Ash shook out his right hand, flexed his fist. “Yeah, man. Taken care of. I don’t think anyone’s going to see the cocksucker hanging around Charlie’s any time soon.”

I nodded tight, because I really wanted it to be me who got to beat the * bloody. But Ash knew me well enough to know when I needed to be sidelined. Saw it the second I was about to come unhinged and things were going to get ugly.

Last night when I’d left Tamar and gone back to my apartment, I’d tossed and turned all f*cking night. Worried about her when I didn’t have the right to.
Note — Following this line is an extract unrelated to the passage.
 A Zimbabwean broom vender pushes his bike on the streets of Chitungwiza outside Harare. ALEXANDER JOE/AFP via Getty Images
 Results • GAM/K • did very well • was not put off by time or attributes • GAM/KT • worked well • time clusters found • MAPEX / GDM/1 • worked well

Fought the goddamned overwhelming compulsion to track down the f*cker who’d hurt her and inflict whatever pain he’d caused her a hundredfold.

What I’d fought against hardest was the need to go back to her place and wrap her in my arms. Hold her and soothe her pain away.

And that right there was what led me to the decision to walk. To turn away and never look back. Just like I should have done in the first place.

I couldn’t afford to worry.

To care.

I had convinced myself getting involved in her mess would just make it messier.

Get her dirtier.

And I knew without a doubt this girl didn’t need that. She needed no part of my black, filthy heart.

She needed the good shit I couldn’t give.

Funny how it hadn’t taken Ash all that much to persuade me to head down to the bar for a couple drinks. Not after I’d spent the entire damned day watching out my window for a glimpse of her. To make sure she was okay. Guilt ate at me like some kind of flesh-decaying disease, because no question it was me who’d pushed her over the edge.